Some extensions of theorems of Kn\"orrer and Herzog-Popescu

TL;DR

This paper extends classical theorems on syzygies of maximal Cohen-Macaulay modules over hypersurfaces, introduces a non-commutative hypersurface ring, and provides bounds on the stable module category dimension.

Contribution

It generalizes the structure of syzygies for modules over hypersurfaces and constructs a new non-commutative ring with periodic projective resolutions.

Findings

First syzygy of N/y^kN is an extension of N by its first syzygy.

Constructed a non-commutative hypersurface ring where modules have 2-periodic resolutions.

Provided upper bounds for the dimension of the stable module category of certain hypersurfaces.

Abstract

A construction due to Kn\"orrer shows that if $N$ is a maximal Cohen-Macaulay module over a hypersurface defined by $f+y^2$, then the first syzygy of $N/yN$ decomposes as the direct sum of $N$ and its own first syzygy.
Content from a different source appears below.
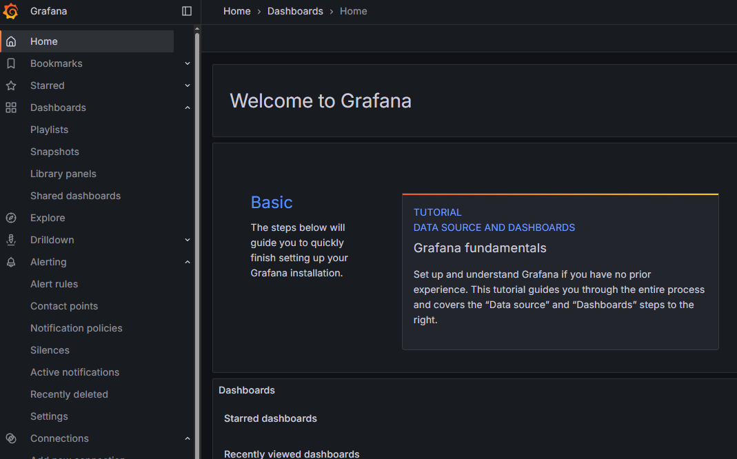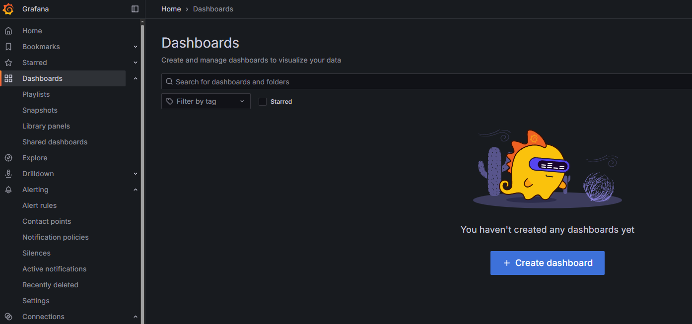 동일하게 네비게이션 바에서 Dashboards 메뉴를 클릭하면 grafana에서 시각적으로 확인할 수 있는 대시보드를 구성할 수 있습니다.

This was extended by Herzog-Popescu to hypersurfaces $f+y^n$, replacing $N/yN$ by $N/y^{n-1}N$. We show, in the same setting as Herzog-Popescu, that the first syzygy of $N/y^{k}N$ is always an extension of $N$ by its first syzygy, and moreover that this extension has useful approximation properties. We give two applications. First, we construct a ring $\Lambda^\#$ over which every finitely generated module has an eventually $2$-periodic projective resolution, prompting us to call it a "non-commutative hypersurface ring". Second, we give upper bounds on the dimension of the stable module category (a.k.a. the singularity category) of a hypersurface defined by a polynomial of the form $x_1^{a_1} + \dots + x_d^{a_d}$.